SÃO PAULO, SP (FOLHAPRESS) - Relatório divulgado nesta terça-feira (23) aponta que quase 2.000 menores de idade foram abusados sexualmente por mais de 450 pessoas ligadas à Igreja Católica em quase sete décadas no estado de Illinois, nos Estados Unidos. Trata-se de um número quatro vezes maior que o divulgado em 2018, quando o governo iniciou a investigação, segundo o jornal americano The New York Times.

 
 Os crimes foram cometidos desde 1950 nas seis dioceses do estado, segundo o amplo documento de quase 700 páginas divulgado pelo procurador-geral de Illinois, Kwame Raoul. O relatório acrescenta 149 nomes à lista de abusadores que as próprias escolas religiosas já haviam identificado na investigação.
 

O relatório acusa padres, funcionários de igrejas e os chamados irmãos religiosos, que prestam contas principalmente a ordens independentes. Os suspeitos foram identificados pelas vítimas em depoimento às autoridades. Os investigadores também revisaram mais de 100 mil páginas de arquivos que eram mantidos pelas dioceses e entrevistaram líderes das instituições e seus representantes.

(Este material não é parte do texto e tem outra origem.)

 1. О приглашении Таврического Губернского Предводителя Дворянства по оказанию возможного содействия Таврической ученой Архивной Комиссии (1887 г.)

Ao menos 1.997 pessoas teriam sido abusadas. Um dos casos mais notórios envolve o padre Thomas Francis Kelly, que teria cometido o crime com 15 vítimas de 11 a 17 anos em várias paróquias nas décadas de 1960 e 1970. Uma delas contou às autoridades que tinha só 11 anos quando o homem o convidou para passar a noite na casa paroquial. Na madrugada, o menino acordou com o religioso fazendo sexo oral.

Duas outras pessoas que tiveram contato com o padre Kelly relataram experiências semelhantes. Segundo o relatório, o religioso foi transferido várias vezes de paróquia, o que indica que outras pessoas sabiam dos crimes. Ele morreu em 1990, aos 53 anos.

 

O relatório foi iniciado por Lisa Madigan, antecessora de Kwame Raoul na procuradoria-geral. Ela decidiu aprofundar as investigações após identificar diferenças significativas entre o número de pessoas ligadas à Igreja Católica que haviam sido denunciadas e o número que havia sido divulgado pela instituição.

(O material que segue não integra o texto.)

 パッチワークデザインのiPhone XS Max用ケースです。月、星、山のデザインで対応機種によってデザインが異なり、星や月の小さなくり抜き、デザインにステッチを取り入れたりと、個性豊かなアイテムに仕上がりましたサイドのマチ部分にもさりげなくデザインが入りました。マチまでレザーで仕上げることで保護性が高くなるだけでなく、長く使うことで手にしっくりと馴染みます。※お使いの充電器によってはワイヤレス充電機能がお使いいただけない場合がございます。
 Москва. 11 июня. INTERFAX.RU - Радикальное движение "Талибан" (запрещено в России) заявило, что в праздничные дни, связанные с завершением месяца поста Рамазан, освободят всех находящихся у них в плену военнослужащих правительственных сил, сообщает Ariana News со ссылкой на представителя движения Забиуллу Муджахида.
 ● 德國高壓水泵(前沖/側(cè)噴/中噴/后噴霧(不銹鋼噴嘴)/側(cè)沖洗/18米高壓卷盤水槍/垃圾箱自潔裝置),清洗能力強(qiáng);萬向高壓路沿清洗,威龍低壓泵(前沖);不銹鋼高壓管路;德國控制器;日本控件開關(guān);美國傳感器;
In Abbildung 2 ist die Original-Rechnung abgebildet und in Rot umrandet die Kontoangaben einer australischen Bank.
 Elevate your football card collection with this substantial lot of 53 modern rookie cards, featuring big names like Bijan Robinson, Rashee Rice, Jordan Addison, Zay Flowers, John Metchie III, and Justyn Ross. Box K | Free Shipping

A Conferência Católica de Illinois estima que os católicos representam cerca de 27% da população do estado, acima da média nacional nos EUA.

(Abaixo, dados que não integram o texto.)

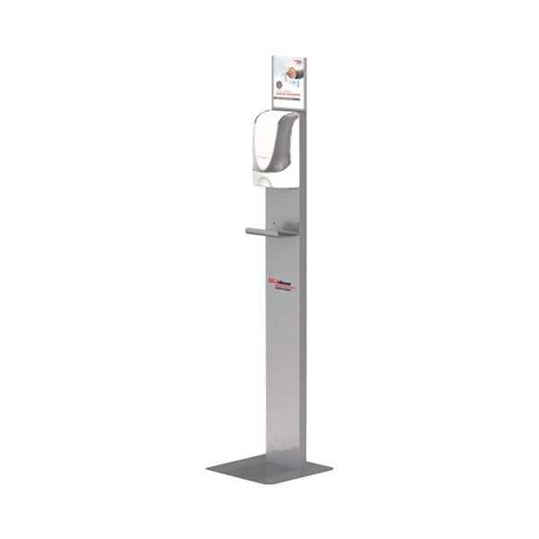 - This Stylish dispenser stand helps to promote hand sanitizing and is ideal for use in any work environment or public area where a higher level of hand hygiene is required.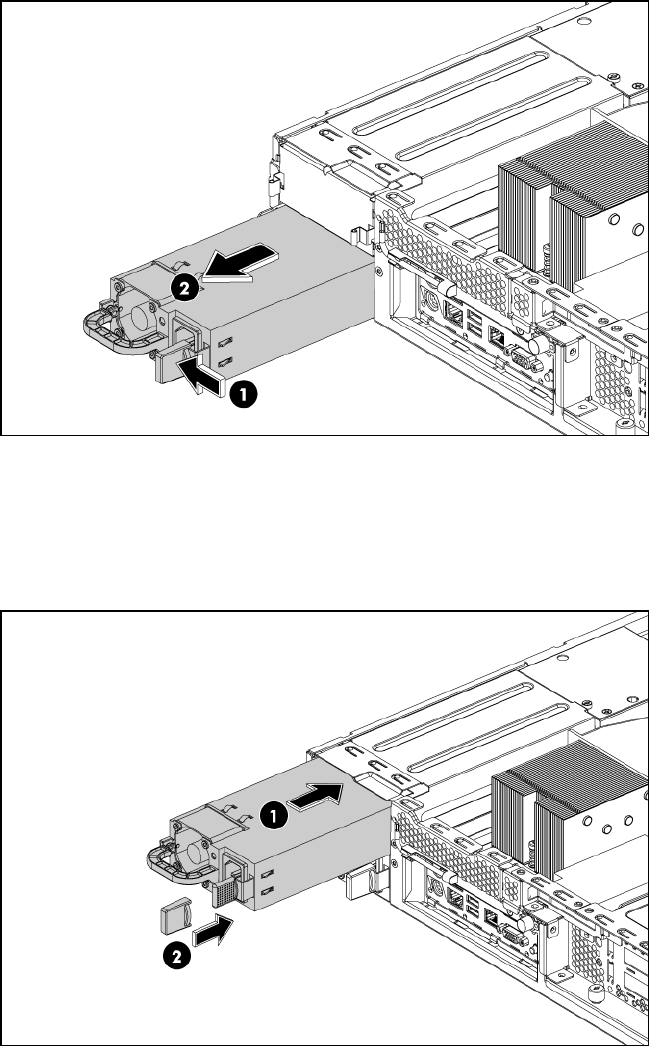 1. Align the power supply cage connector with the open slot of power supply, and slide the power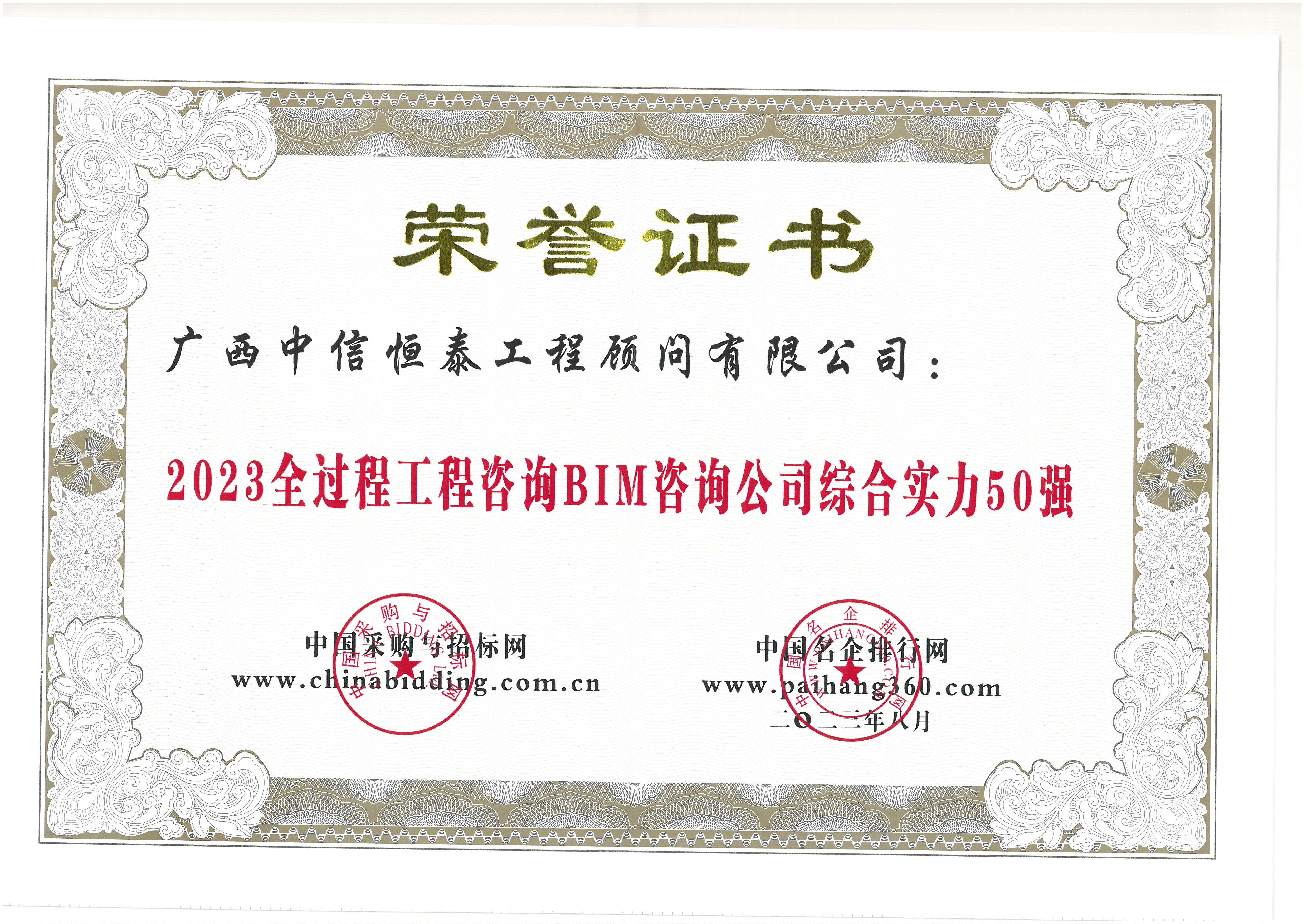 2023全過程工程咨詢BIM咨詢公司綜合實力50強

Antes de o relatório vir à tona, as seis dioceses católicas de Illinois divulgaram declaração na semana passada sobre sua abordagem às acusações de abuso sexual de menores. O cardeal Blase J. Cupich, arcebispo de Chicago, disse em comunicado que a igreja "tem ficado na vanguarda ao lidar com o abuso sexual de menores por muitos anos".

 

O posicionamento, contudo, foi rechaçado por organizações que prestam solidariedade às vítimas. "O relatório nos diz claramente que ninguém sabia mais sobre os abusos, e que ninguém fez menos para coibir os crimes que essas próprias dioceses", disse Mike McDonnell, porta-voz do SNAP, grupo que atua em defesa das pessoas que sofreram abuso sexual clerical.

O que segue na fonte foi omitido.